The United States is experiencing “an environmental law-making crisis,” said Harvard Law School Professor Richard Lazarus at an environmental sustainability event held at Harvard in December.

The event, “Harvard Thinks Green,” co-hosted by Harvard Thinks Big, the Office for Sustainability and the Center for the Environment at Harvard University, featured a discussion forum based on the popular TEDTalks. Lazarus and five Harvard professors from a variety of disciplines, ranging from science and medicine to politics, law and urban planning, offered their perspective on ways to combat the global warming crisis.

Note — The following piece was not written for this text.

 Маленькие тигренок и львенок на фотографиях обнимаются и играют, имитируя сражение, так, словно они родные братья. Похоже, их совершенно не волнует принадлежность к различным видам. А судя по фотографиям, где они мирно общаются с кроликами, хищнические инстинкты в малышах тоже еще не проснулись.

In his talk, “Forging a New Pathway to National Climate Change Legislation,” Lazarus said global climate change is the most pressing environmental problem of our time, with potentially catastrophic consequences. One of the nation’s foremost experts on environmental law and a leading practitioner in the U.S. Supreme Court, Lazarus criticized the government’s failure to pass comprehensive legislation to deal with CO2 emissions.

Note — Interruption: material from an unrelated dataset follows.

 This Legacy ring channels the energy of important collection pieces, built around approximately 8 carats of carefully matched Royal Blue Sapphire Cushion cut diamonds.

He offered ways to change the law-making process and he urged students, as the future generation of leaders, to innovate within the private sector. “We need business leaders who believe in global climate change,” said Lazarus, “real profits can be made by being green.”

Read news accounts of the event published in the Harvard Gazette and the Harvard Crimson.

Other Harvard participants were: James McCarthy, Alexander Agassiz Professor of Biological Oceanography at Harvard University; Harvard Business School Professor Robert Kaplan; Associate Professor of Architectural Technology at the Harvard Graduate School of Design Christoph Reinhart, who works in the field of sustainable building design and environmental modeling; Harvard Business School Professor Rebecca Henderson, whose work explores how organizations respond to large-scale technological shifts, most recently in regard to energy and the environment; and Nobel laureate Eric Chivian, director of the Center for Health & the Global Environment and an assistant clinical professor of psychiatry at Harvard Medical School.

Lazarus joined the HLS faculty as the Howard and Katherine Aibel Professor of Law last April. He has represented the United States, state and local governments, and environmental groups in the United States Supreme Court in 40 cases and has presented oral argument in 13 of those cases. He served as the executive director of the BP Deepwater Horizon Oil Spill and offshore Drilling Commission, charged by President Obama with identifying the root causes of the 2010 Gulf oil spill and developing options for preventing future spills.

Prior to joining the Harvard law faculty, Lazarus was the Justice William J. Brennan, Jr., Professor of Law at Georgetown University, where he also founded the Supreme Court Institute, which provides practice arguments for counsel in more than 90 percent of the cases heard by the Supreme Court.